I'm not surprised at that double-take, Forero. I'm not at all happy with that form.

It suggests that one should say

_Why is the reason?_

rather than

_What is the reason?_


----------



## Einstein

a) I don't like flying because I'm afraid of heights.
b) I don't like flying for the reason *that* I'm afraid of heights.
c) The reason why I don't like flying is *that* I'm afraid of heights.

I think in (b) no one would say "for the reason because". In (c), though, "reason" and "because" are sufficiently separated for the clash to be less evident. The words "reason" and "because" are closely associated concepts in our minds and so there is a natural tendency to say "the reason... is because". However, I don't believe this really changes the nature of the "because" clause so that it needs a different analysis. Rather than say it's a noun clause I'd say it's still an adverbial clause, but used in a less-than-logical manner. If it then suits a lot of people to use it in that manner, who can object?

A similar logic applies to our main discussion. I think that a hybrid form is used for brevity or because of an association of ideas. Having eliminated "it" or "that", we have a main clause without a subject. Through use we then think of the facts expressed in the "because" clause as the subject and then it's a small step to consider that the clause itself is the subject. But I'm not sure that we really need to.
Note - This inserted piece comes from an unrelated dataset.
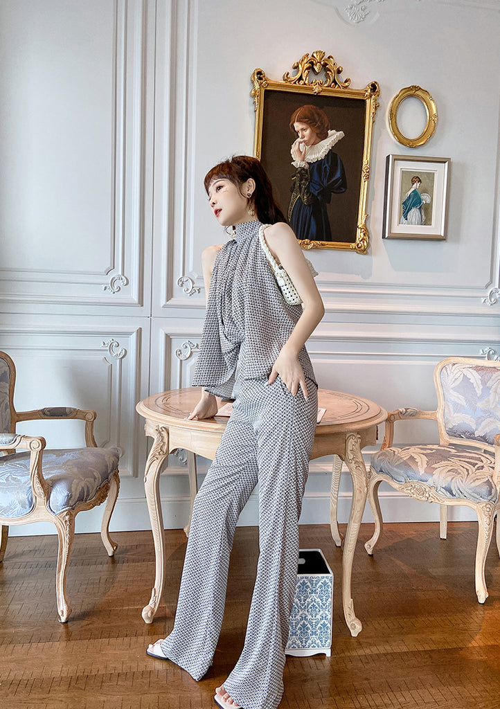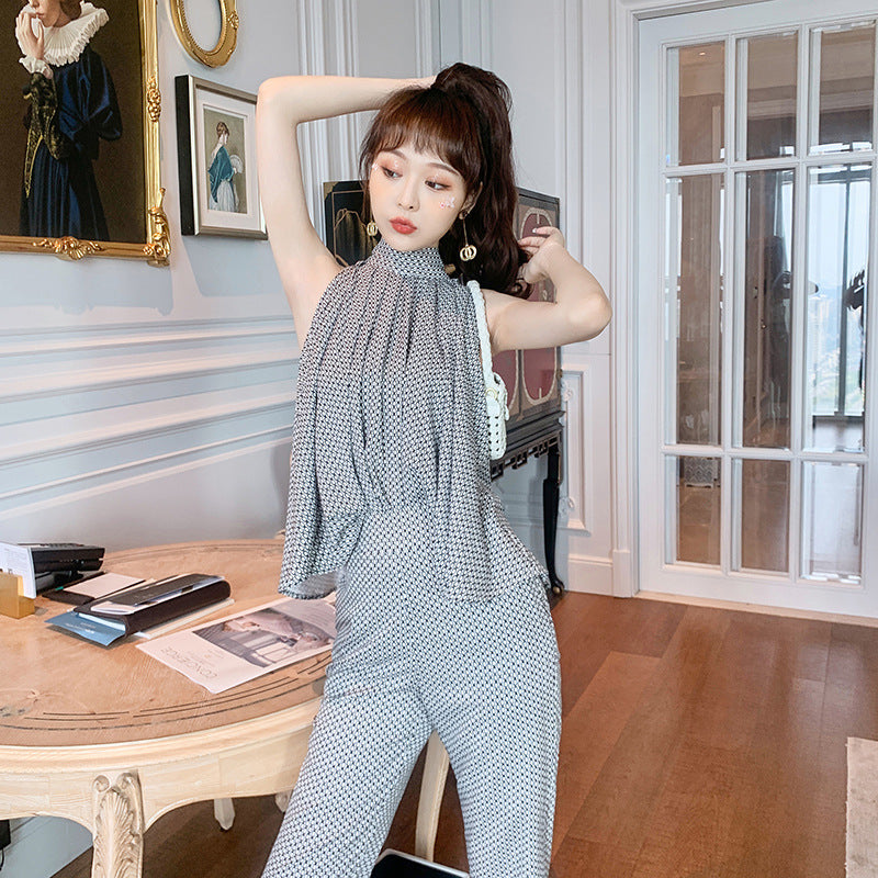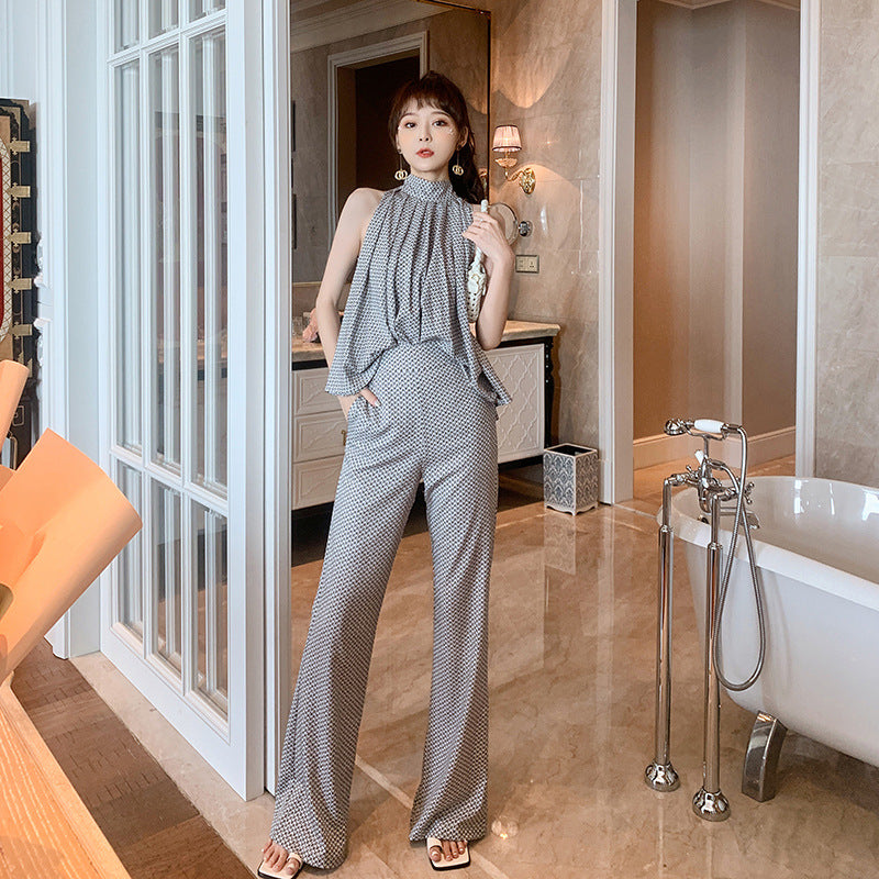 Two Piece Temperament Women Pleated Top Front Leaded Sleeveless Shirt Fit Flared Pants Suit

In all discussions about "illogical forms" we shouldn't throw up our hands in horror at new uses but neither should everyone be expected to change. Where there are differences, discussions are inevitable.

By the way, I don't know who said that an adverb can't modify a whole sentence (#22)!  But that's another discussion.


----------



## LV4-26

Einstein said:


> [...] I think that a hybrid form is used for brevity or because of an association of ideas. [...]


I agree with that.

In my opinion, it all started from
_That we live in Berkeley doesn't mean we're radicals.
_
But then,  there rose the need for a short way to say
_The mere fact that we live in Berkely doesn't mean....
_

_Just that we live in Berkeley.._
wouldn't work.

Hence the _just because...._

Only a theory, though. I'm submitting it for what it's worth.


----------



## Einstein

LV4-26, I'm sure you're right.
To tell the truth, reading this thread I've found that this _just because...doesn't mean_ construction is far more deeply-rooted than I thought, to the point that some people wouldn't dream of expressing themselves differently. However, that "some" is important. There are evidently quite a few native English-speakers who don't feel at home with this form. That makes discussions of this kind inevitable!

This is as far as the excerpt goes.